-- Given data follows --

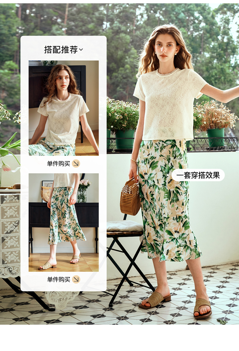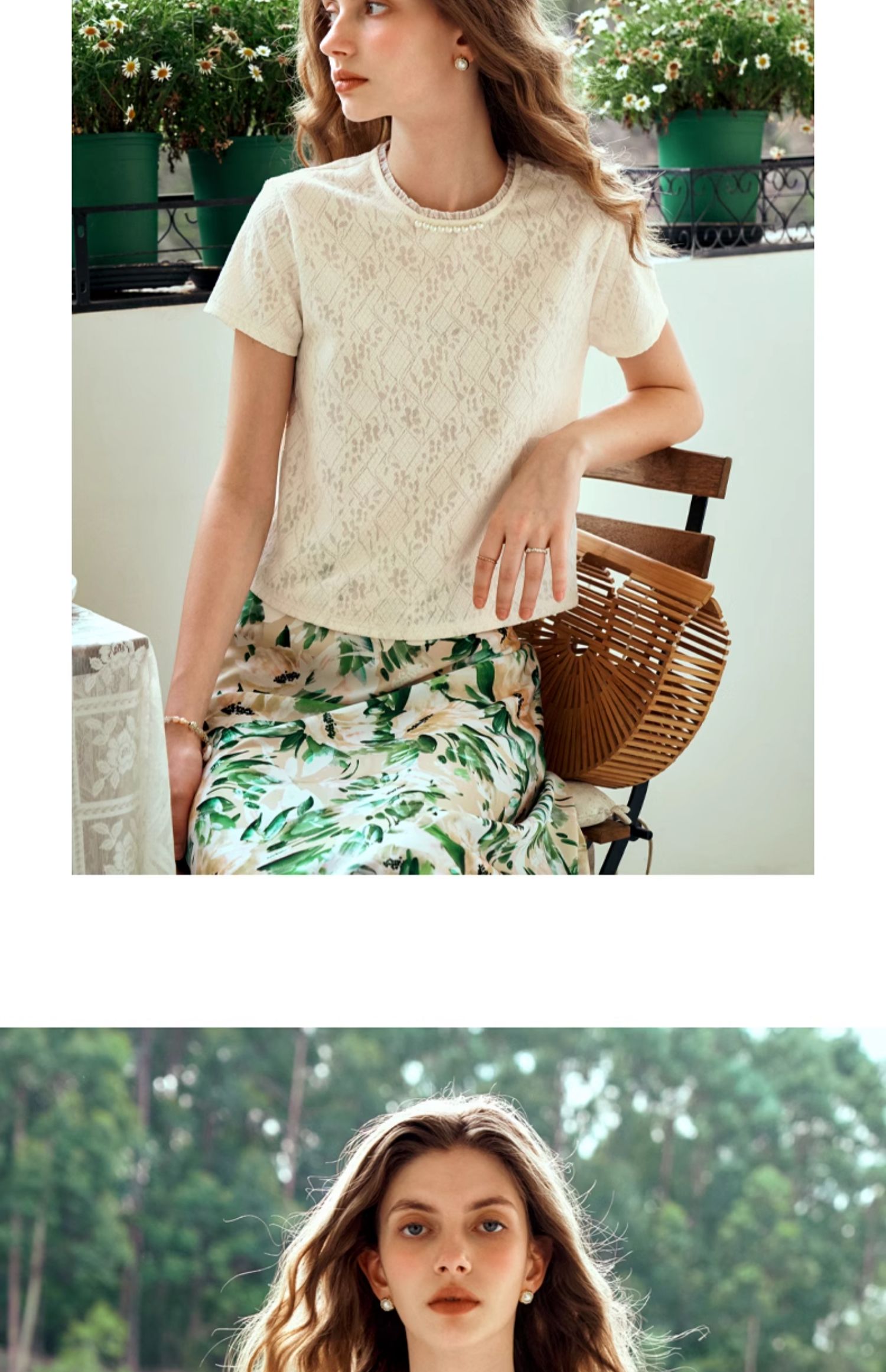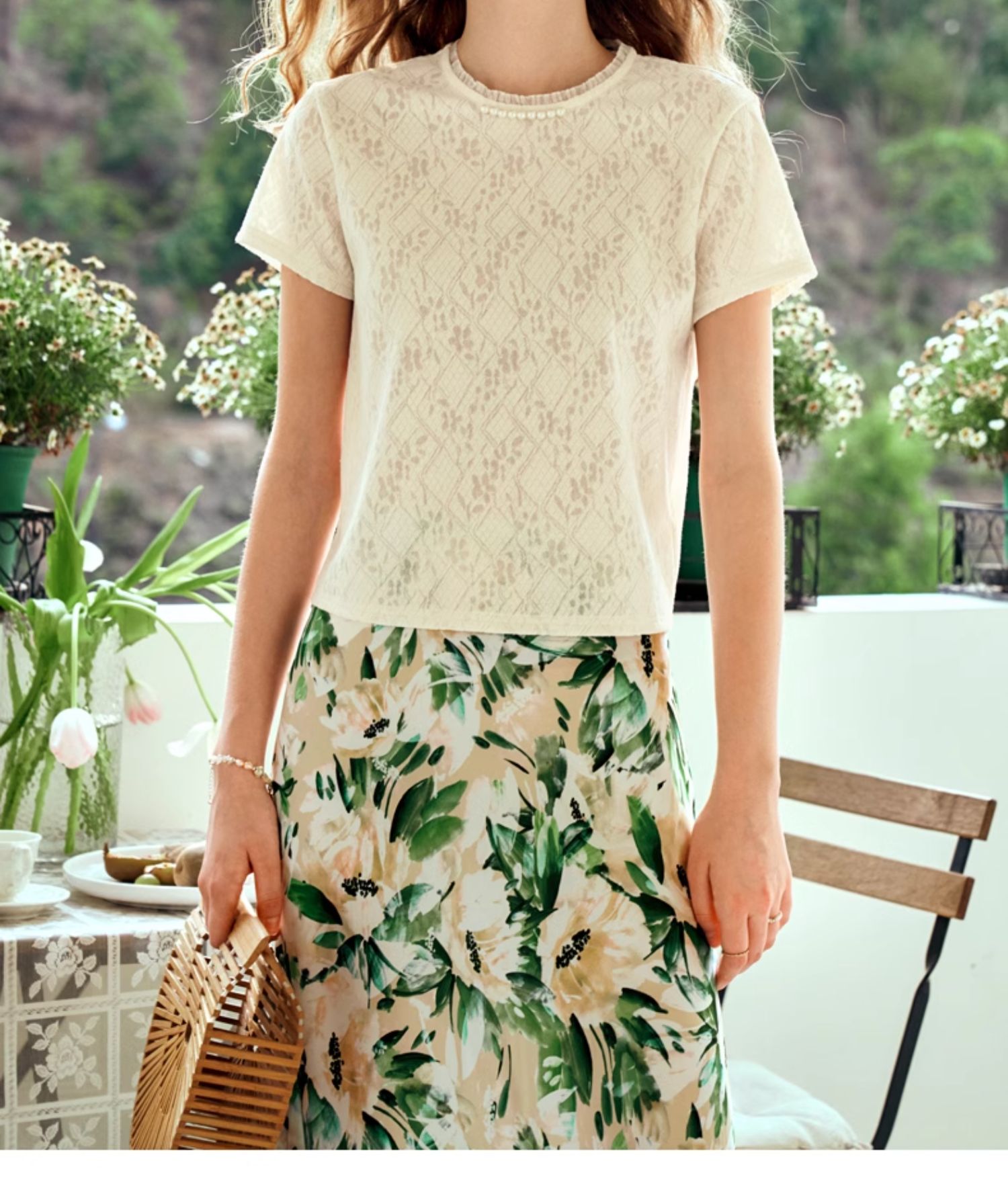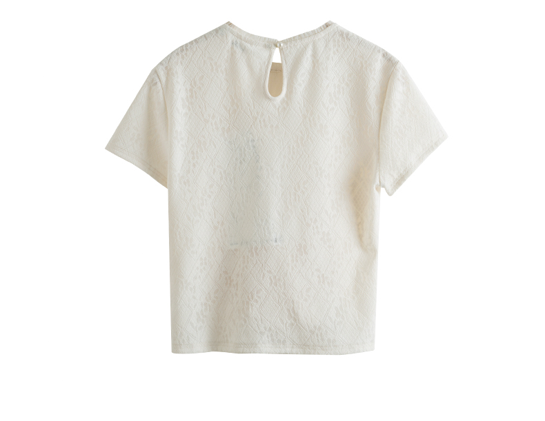 OLrain欧芮儿杏色短袖T恤女夏季法式气质蕾丝衫百搭镂空花边上衣
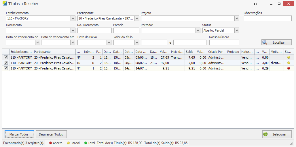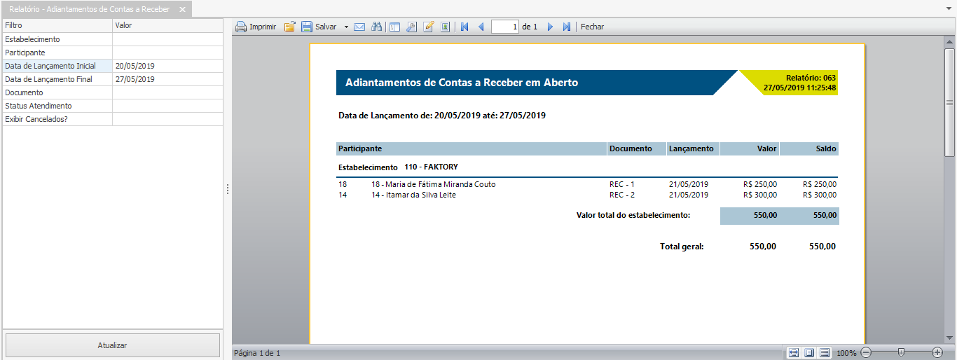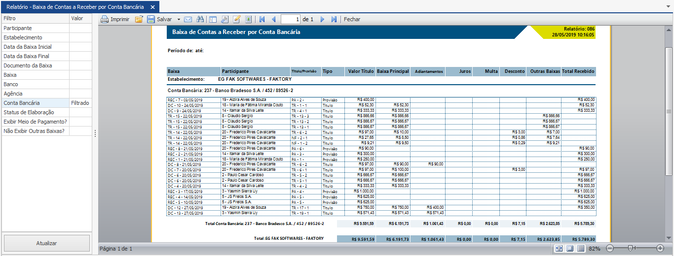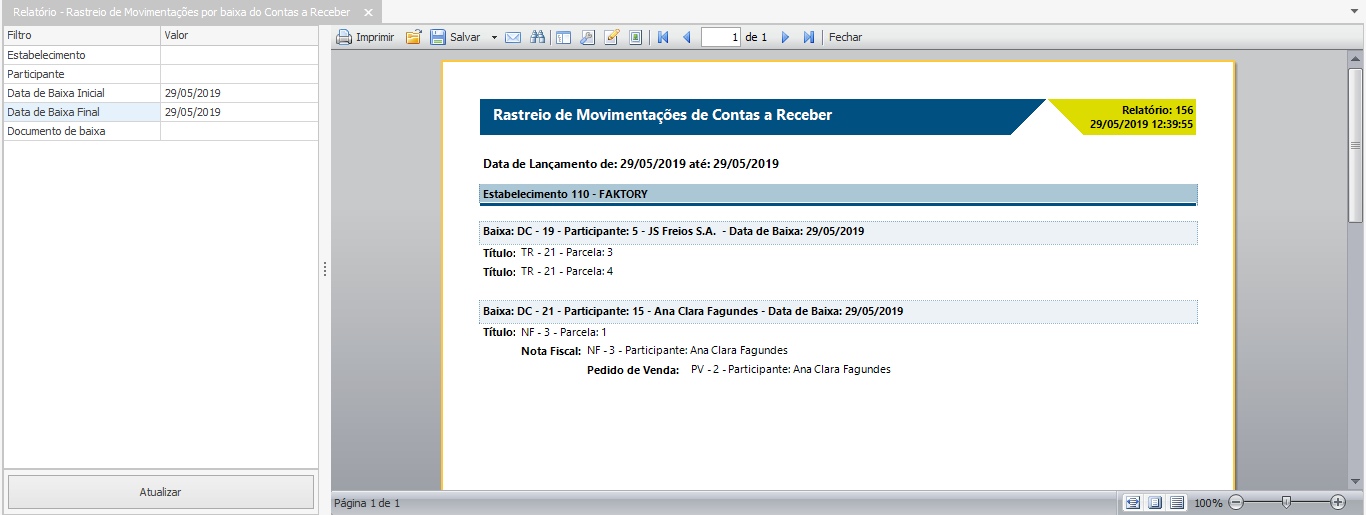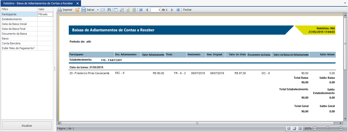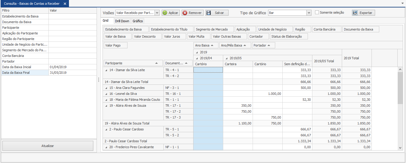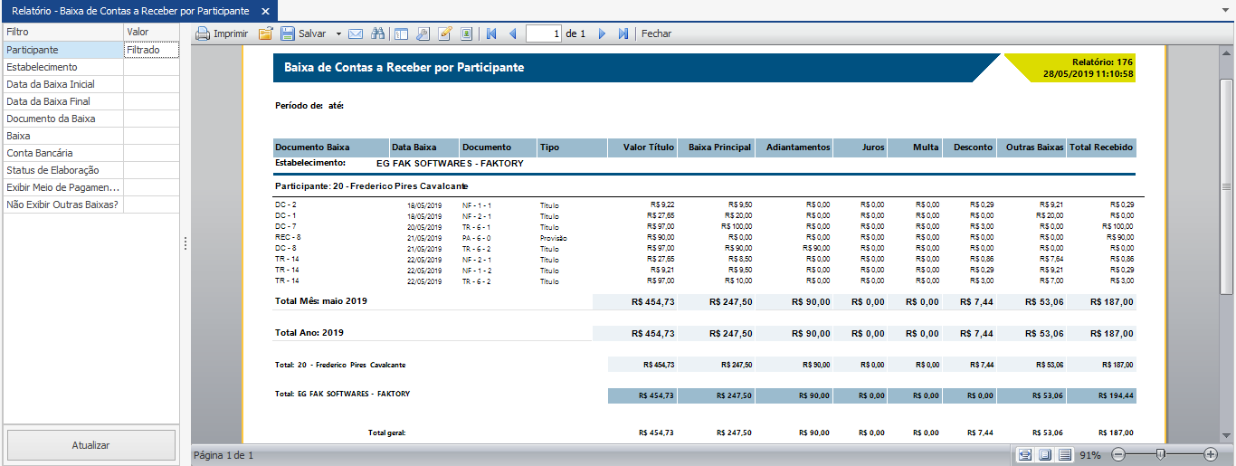 Veja abaixo um exemplo do relatório de “Baixa de Contas a Receber por Participante” com o filtro “Participante” selecionado.
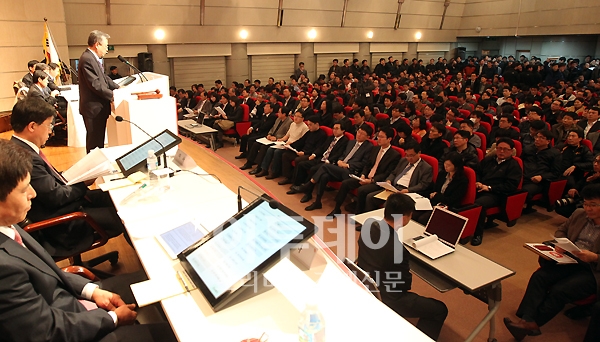 KT 제30기 정기주주총회가 16일 오전 서초구 우면동 KT연구개발센터에서 열렸다. 이석채 KT 회장이 의사진행을 하고 있다.
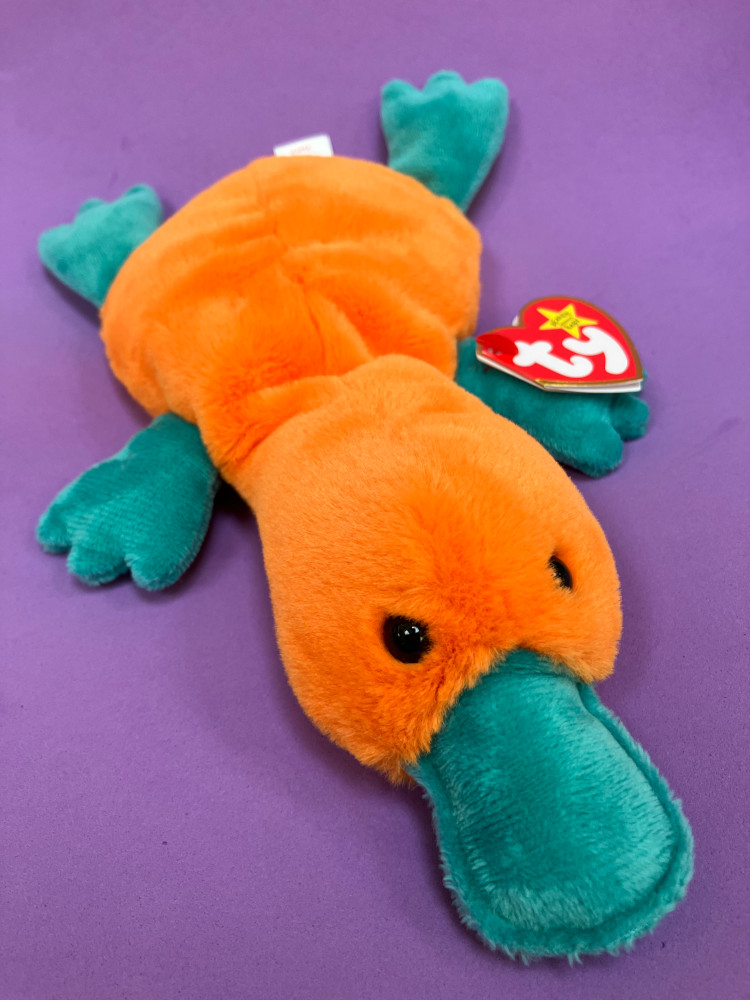 Patti II – This orange and teal platypus is described in the verse on her tag as being a very talkative creature with an extra large beak. The original Patti was a sort of shocking pink and yellow but this beanie has a charm of her own. £5.99
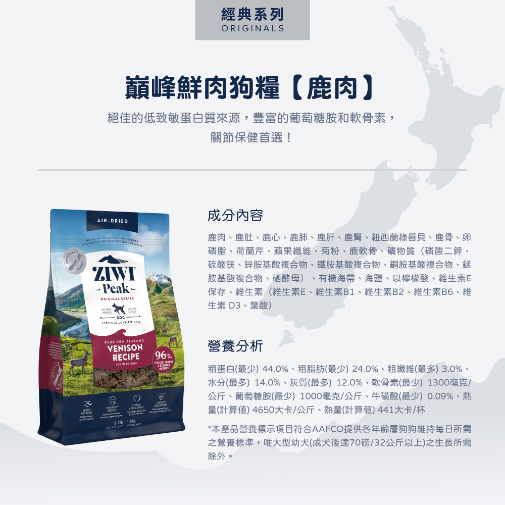 【ZIWI 巔峰】 狗狗 經典鮮肉糧(肉片) 鹿肉
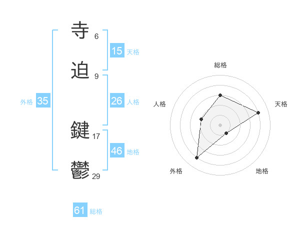 寺迫 鍵鬱さんを姓名の画数から五運を鑑定
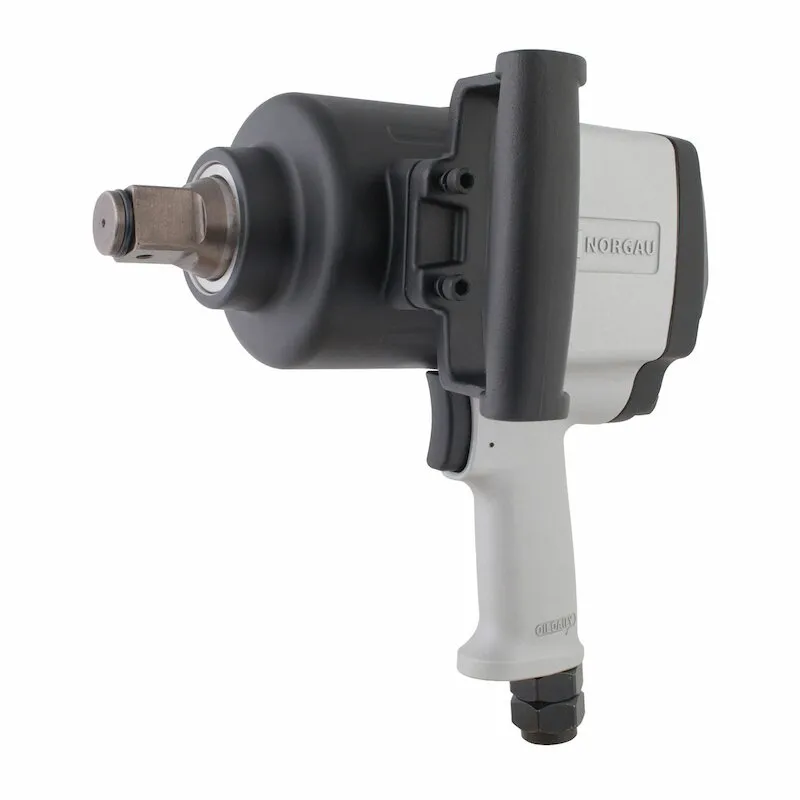 Гайковерт пневматический ударный 1” в алюминиевом корпусе, тип NIW15-250PS. Позволяет легко справиться с приржавевшими, закисшими и прикипевшими резьбовыми соединениями. Максимальный крутящий момент 2500 Нм, обороты холостого хода 4800 об/мин. Потребление воздуха 1380 л/мин. Безопасное использование инструмента за счет выводящего через рукоятку выхлопа воздуха. Двигатель с плавным ходом регулятора мощности. Размер шланга для подключения не менее 19 мм, резьба на штуцере подачи воздуха 1/2. Масса 10,2 кг.
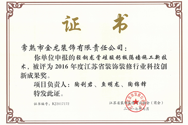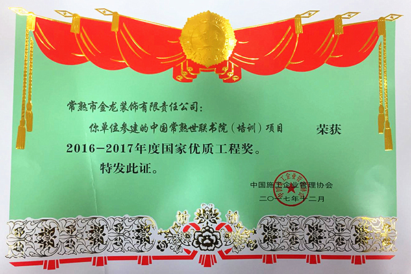 常熟市金龍裝飾有限責任公司始創(chuàng)于1992 年,在三十多個春秋光蔭中,公司依仗社會和政府的關懷扶持,通過全體金龍員工的精誠團結(jié)與潛心努力,堅持敬德守信,傾力精工創(chuàng)優(yōu),以實力筑基,用服務樹譽,一步一個腳印地壯大企業(yè)。發(fā)展至今,已具有國家建筑裝修裝飾工程專業(yè)承包壹級資質(zhì)、建筑裝飾設計甲級資質(zhì)、建筑幕墻工程專業(yè)承包壹級資質(zhì)、建筑幕墻工程設計專項甲級資質(zhì)、電子與智能化工程專業(yè)承包貳級資質(zhì)、消防設施工程專業(yè)承包貳級、建筑工程施工總承包、鋼結(jié)構(gòu)工程專業(yè)承包、建筑機電安裝工程專業(yè)承包三個叁級資質(zhì)以及特種工程(結(jié)構(gòu)補強)專業(yè)承包資質(zhì)的企業(yè);公司還順利通過了質(zhì)量管理、環(huán)境管理、職業(yè)健康安全管理三合一體系及工程建設施工企業(yè)質(zhì)量管理規(guī)范的專業(yè)認證;現(xiàn)為中國建筑裝飾協(xié)會常務理事單位,江蘇省裝飾裝修行業(yè)協(xié)會常務理事單位,蘇州市裝修裝飾行業(yè)協(xié)會副會長單位,中國建筑裝飾協(xié)會企業(yè)信用AAA級企業(yè)、江蘇省守合同重信用企業(yè)、蘇州市重合同守信用企業(yè)。

-- Given data concluded --

When you reach the line that has "Patti II – This" in the data above, start repeating lines exactly, and stop after the line that has "寺迫 鍵鬱さんを姓名の画数から五運を鑑定"; pictures stay out.

 Patti II – This orange and teal platypus is described in the verse on her tag as being a very talkative creature with an extra large beak. The original Patti was a sort of shocking pink and yellow but this beanie has a charm of her own. £5.99
 【ZIWI 巔峰】 狗狗 經典鮮肉糧(肉片) 鹿肉
 寺迫 鍵鬱さんを姓名の画数から五運を鑑定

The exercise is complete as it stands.